The Bureau of Land Management (Bureau) manages public lands in the Pinedale Field Office (Field Office) planning area, which lies within west-central Wyoming (Figure 1). Lands in Teton County are not included in these reasonable foreseeable development scenarios. The main goal of our evaluation is to technically analyze the oil and gas resource occurring within the Field Office area and to project future development potential and activity levels for the period 2001 through 2020. This analysis makes a base line projection that assumes future activity levels will not be constrained by management-imposed conditions (Rocky Mountain Federal Leadership Forum, 2002). Where legislatively imposed restrictions are applied to lands within the Field Office area, we have considered those restrictions when determining future activity levels and have constrained our base line projection to reflect those restrictions. Finally, projections of future activity levels for each resource management plan alternative are presented.
The reasonable foreseeable development evaluation and projections presented below review and analyze past, present, and potential future exploratory, development, and production operations and activities. It also presents occurrence potential for oil and gas, coalbed gas, and deep hydrocarbons (at depths greater than 15,000 feet) as well as available estimates of the hydrocarbon resources that may be present within the Field Office area. Additional factors used to project future activities include, but are not limited to review and analysis of:
• published oil and gas resource information (including a number of on-line databases) for the area
• a call for data from oil and gas operators
• future oil and gas price estimates
• petroleum (see Glossary definition for petroleum) technology research and development
• geophysical activity
• bid performance at lease sales
• limitations on access and infrastructure.
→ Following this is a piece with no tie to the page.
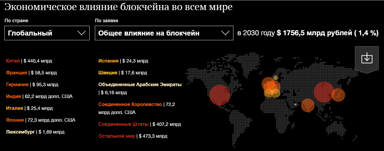 Последние исследования аналитической компании PwC “Время доверять»: причина в триллион долларов для переосмысления блокчейна” показывают, как блокчейн может повлиять на мировую экономику уже в ближайшее время. На основе анализа пяти основных сфер применений блокчейна, ранжированных по их потенциалу для создания экономической ценности: от здравоохранения, государственных и общественных услуг до производства, финансов, логистики и розничной торговли, аналитики прогнозируют потенциальную финансовую выгоду, которая может составить $1,76 трлн уже к 2030 году.

It must be emphasized that the reasonable foreseeable development projections presented are not worst-case projections, but reasonable and science-based projections of the anticipated oil and gas activity and uses logical and technically based assumptions to make those projections.
Total federal gas resource ownership in the Field Office planning area is about 2,526,640 acres (85 percent) of 2,965,201 total acres. The Forest Service (53 percent) and the Bureau (46 percent) manage most of the federal mineral lands in the Field Office area. Smaller amounts of federal mineral lands are managed by the Bureau of Reclamation. State and private minerals lands amount to about 438,561acres, or about 15 percent of total acres within Field Office boundaries. Again, Teton County lands are not included as part of this analysis.